Выбрать главу

В высшей степени знаменательно, что «Песни — танцы — паваны» начала XVII в. и их современницы «Роксоланки» демонстрируют в общей сложности такое богатство и разнообразие ритмики, которое намного превосходит возможности ритмики поэзии Возрождения во второй половине XVI в. У Кохановского мы находим очень большое количество стихотворных размеров, а именно 15, однако в этих двух сборниках их имеется в три раза больше, причем 26 из них были совершенно не известны до той поры польской поэзии. Среди этих 26 размеров мы обнаружим ряд размеров, с которыми можно встретиться в настоящее время и в польских, и восточнославянских народных песнях, но там окажутся и такие, которые не известны польской народной песне, но которые зато бытуют в восточнославянской народной песне. Из списка стихотворных размеров народных славянских песен, составленного Лосем, мы можем уяснить себе, что 9-сложник (3 + 3 + 3) характерен для украинской свадебной песни, именно этот размер мы встретим в «Роксоланках», которые тоже представляют собой свадебные песни, а их автор — несомненно поэт польский — был gente Ruthenus, как это тогда называли. Еще одним доводом в пользу славянского происхождения этого размера является присутствие его в произведениях Мицкевича и Словацкого, т. е. поэтов несомненно знакомых с восточнославянской народной песней. В таком же положении находятся следующие размеры польской мещанской лирики и «Роксоланок»: 1) 11(3 + 5 + 3), 2) 11(6 + 5), 3) 12(5 + 7), 4) 12(8 + 4), 5) 16(5 + 5 + 6), 6) 16 (8 + 8), 7) 17 (5 + 5 + 7), 8) 19 (6 + 6 + 7). Все эти размеры выразительно свидетельствуют о влиянии ритмики восточнославянской народной песни на мещанскую лирику и на «Роксоланки». Существуют и такие размеры, которые, не указывая на направление влияний, свидетельствуют в то же время о взаимных связях. Но мы не всегда сумеем — даже ориентировочно — определить характер и хронологию этих связей. Однако некоторые из них восходят безусловно к эпохе праславянского единства, а иные несомненно принадлежат к более позднему времени.

Наличие восточнославянских влияний в ритмике чарнолесской поэзии не должно никого удивить, хотя до сегодняшнего дня этот факт оставался незамеченным. Подобные влияния уже заметны в песне, обращенной к богородице и датированной XV в.: «О Maryja, kwiatku panieński», которая написана 9-сложным стихом типа 4 + 5.

4

Совершенно особые проблемы возникнут перед нами, если мы займемся вопросом о том, какое значение имело поэтическое творчество Яна Кохановского для формирования строфики современной польской поэзии. Создав ряд новых строфических типов, Кохановский обогатил поэзию в чисто количественном отношении, но не это обогащение является главной его заслугой, хотя подобный факт следует рассматривать как один из существенных результатов его писательской деятельности. Самое важное заключается в том, что Кохановский произвел в области строфики изменения чисто качественного порядка.

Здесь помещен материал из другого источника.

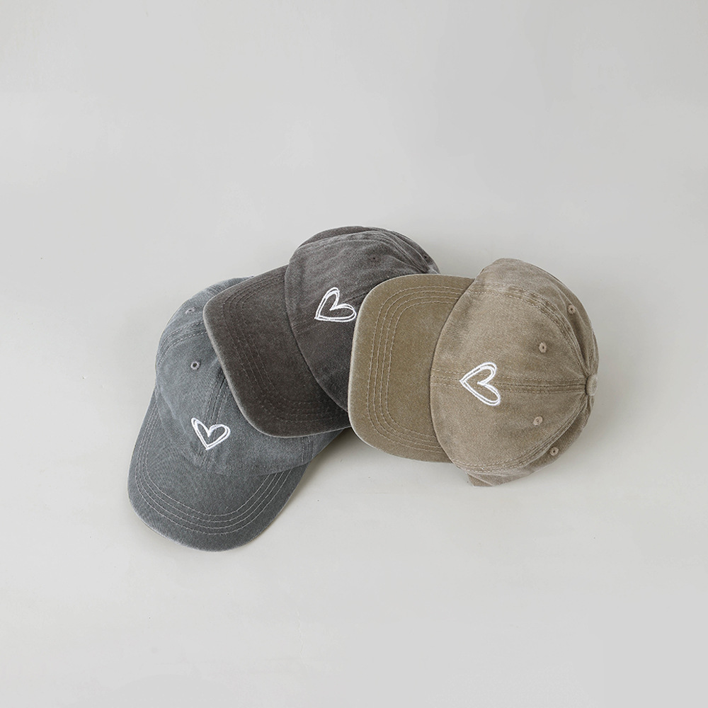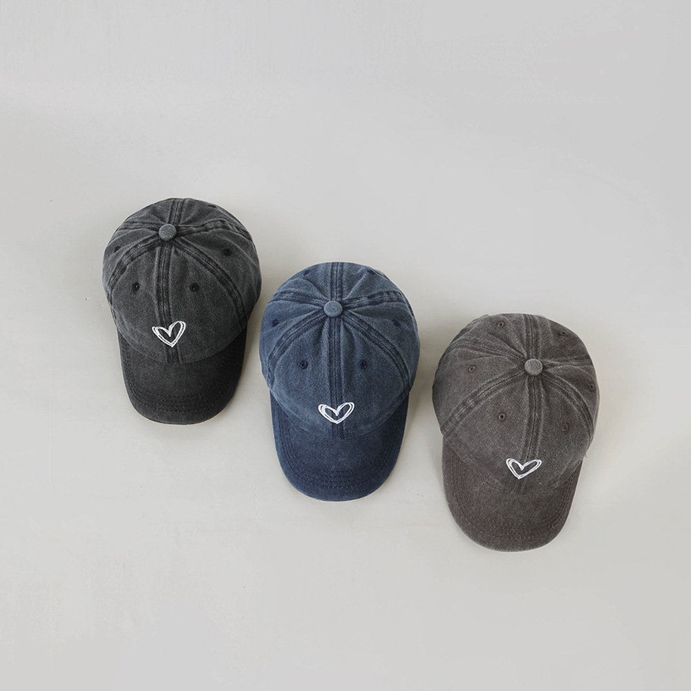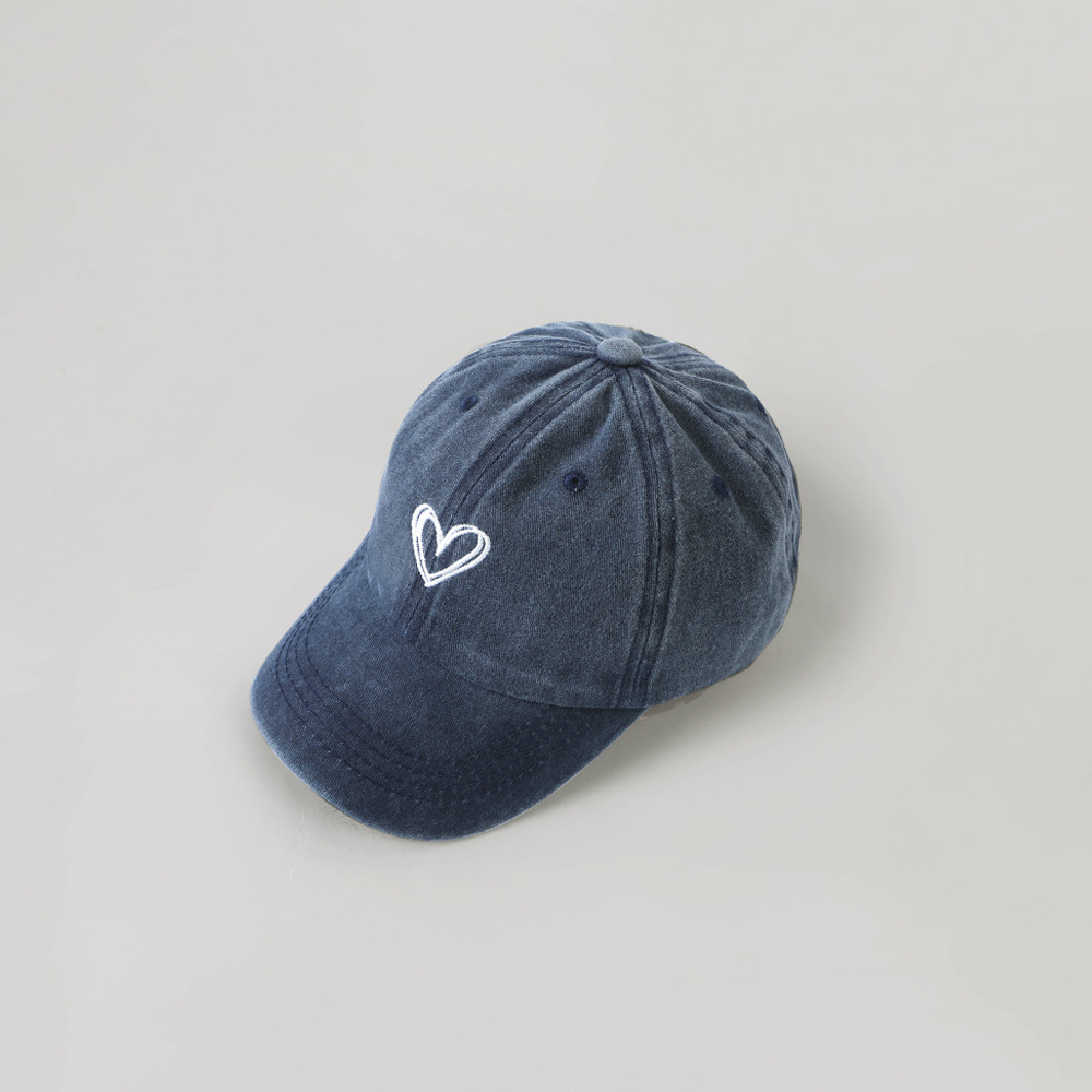 한국 스타일 Ins 세탁 데님 빈티지 어린이 모자 라인 사랑 자수 단순 성격 고민 야구 모자
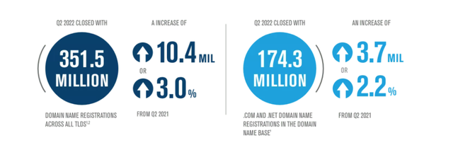 截至 2022 年第二季度末, .com 和 .net 注册总数为 1.743 亿,与第一季度相比减少了 40 万,即 0.2%↓ 。截至2022年6月30日,.com域名注册量为1.611亿,.net域名注册量为1320万。
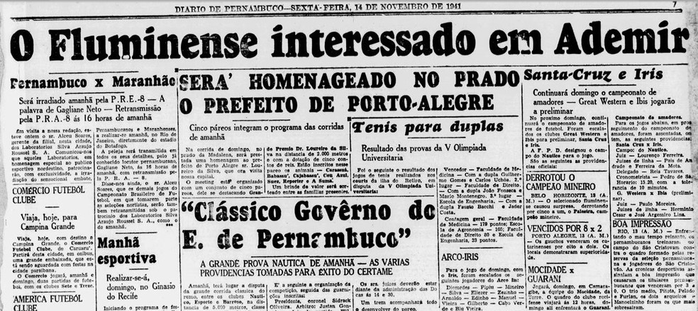 Na preparação para o duelo com o Ceará, inclusive, Ademir recebeu elogios contundentes do técnico Oswaldo Salsa, conforme aponta a publicação do jornal Pequeno do dia 14 de dezembro de 1940.
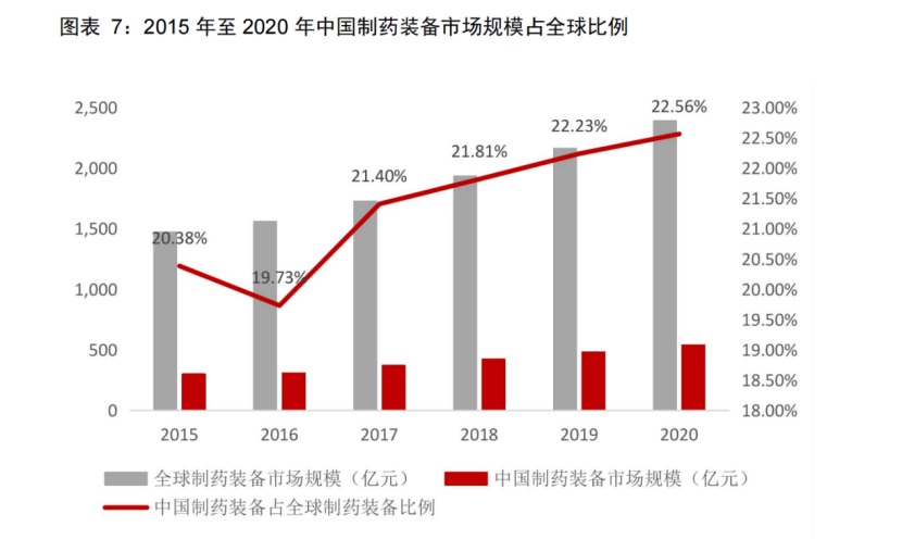 2015-2020年中国制药装备市场规模占全球比例 来源:华通证券研报
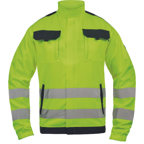 • unisex HI-VIS pracovní bunda se zapínáním na zip krytým légou • 2 boční kapsy • 2 náprsní kapsy s klopou na suchý zip • 2 šité 5 cm široké reflexní pruhy přes boky a spodní rukávy • zesílení namáhaných částí ramen • pružné manžety rukávů a spodní obvod v pase
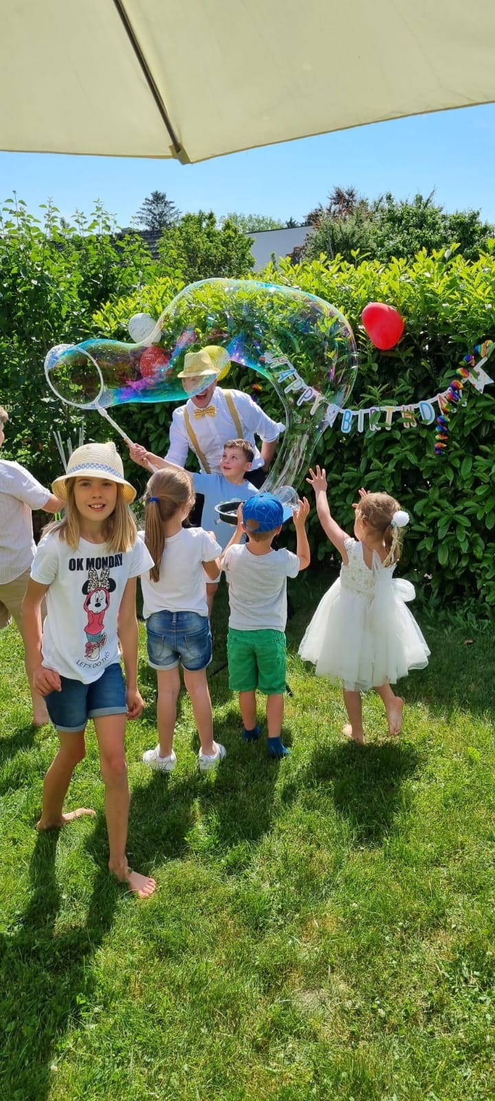 Every bubble show outdoor is different: sometimes the bubbles shimmer in the sun, sometimes they dance in the breeze. But one thing always stays the same – the wonder in the eyes of the children. It’s an experience full of joy and lightness – like capturing a piece of summer inside a bubble.

Одной из важнейших перемен, которая происходит в поэзии в первой половине XVI в., польская литература обязана книгопечатанию. Появление типографий создало условия для победы национального языка в письменности, что в свою очередь привело к изменению способа распространения и способа усвоения поэтического материала. Поэтический текст до той поры усваивался памятью и был передаваем из уст в уста при помощи мелодии песни или мелодекламационного речитатива. Кохановский, будучи прежде всего поэтом лирическим, перенес поэтические приемы, характерные для песни, в область поэзии, предназначенной главным образом не для певца, а для читателя. (Исключение составляют «Псалтырь», отчасти «Собутка» и некоторые песни). Следует отметить, что это новаторство Кохановского легко обнаружить как раз с помощью сопоставления его строфики со строфикой его предшественников. Как известно, Бернат из Люблина оперировал одной лишь строфой, состоящей из четырех строк, всюду с одинаковым 8-сложным изосиллабическим размером. Рей, творчество которого лишь хронологически в некоторой мере современно Кохановскому, а по существу предшествует чарнолесской поэзии, применял 10 различных строф, но применял их крайне редко, за исключением 8-строчной строфы сравнительно позднего «Зверинца». Зато в стихах Кохановского мы встречаемся с 58 различными строфами, причем поэт создает их с чрезвычайной легкостью и применяет весьма свободно. Достаточно сказать, что около половины всего запаса строф употреблено Кохановским один-единственный раз.